Détoxifier son corps répond à une aspiration profonde de se purifier physiquement et mentalement des toxiques et toxines qui encombrent notre organisme. C’est aussi la manifestation d’une envie de se faire du bien, de s’écouter, de retrouver plus de tonus, d’entrer dans un mode de vie plus sain.

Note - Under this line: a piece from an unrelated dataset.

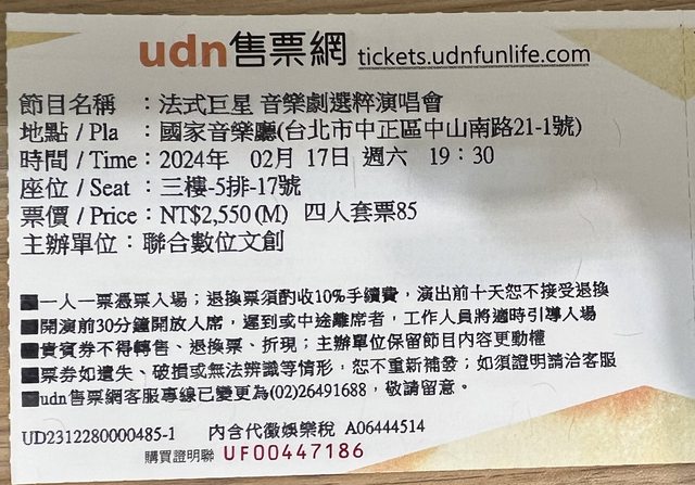 標題[急售] 2/17 法式巨星音樂劇純粹演唱會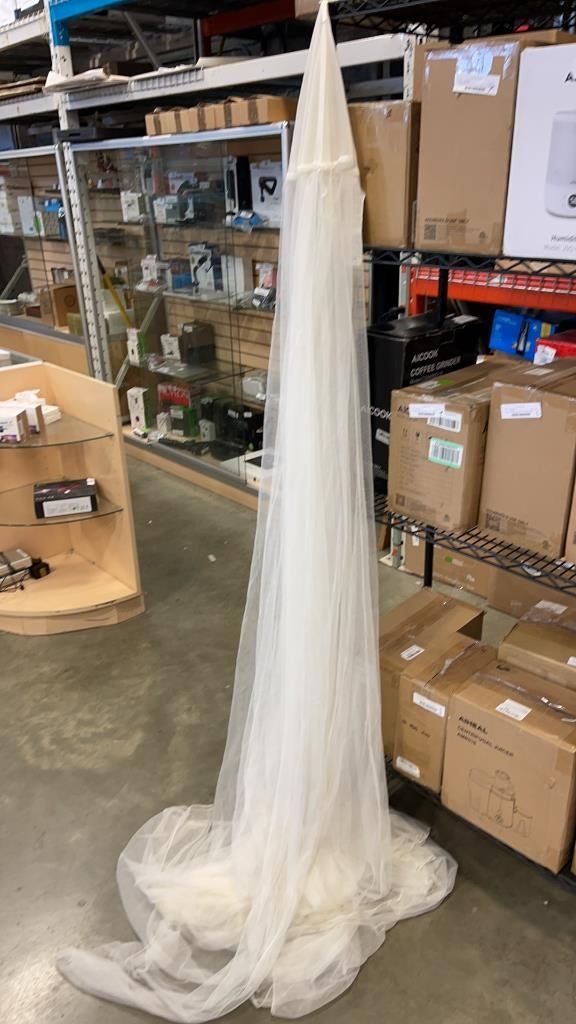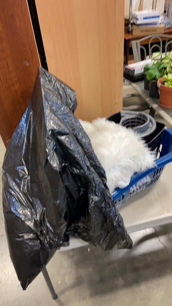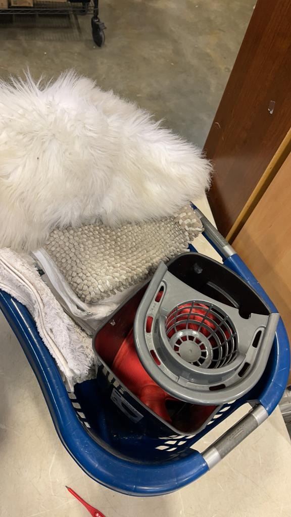BASKET OF SHEEPSKIN RUG, 2 BED CANOPIES MOP BUCKET AND MORE

Détox d’hiver : une tradition ancestrale

« La détox fait partie de notre tradition depuis la nuit des temps », rappelle Martine Fallon, consultante en alimentation énergétique depuis 20 ans. « En hiver on mangeait moins (des bouillons et des soupes essentiellement), parce que la nature est plus pauvre. Chez les chrétiens comme les musulmans et les hindouistes, il y a des périodes de jeûne pour des raisons religieuses mais qui permettent aussi aux organes émonctoires (foie, intestin, reins, poumons, peau) de se mettre au repos et d’être drainés. » Particulièrement utile au changement de saison (printemps et automne), la détox permet également de retrouver du tonus au coeur d’un hiver faible en lumière. Une alimentation déséquilibrée, la sédentarité, le stress, la pollution (pesticides, métaux lourds…) intoxinent notre organisme qui a parfois du mal à s’autoréguler devant l’ampleur de la tâche. Raccourcir le travail lié à la digestion va donc le soulager et éviter que la majeure partie de notre énergie soit consacrée à cette ‘combustion’.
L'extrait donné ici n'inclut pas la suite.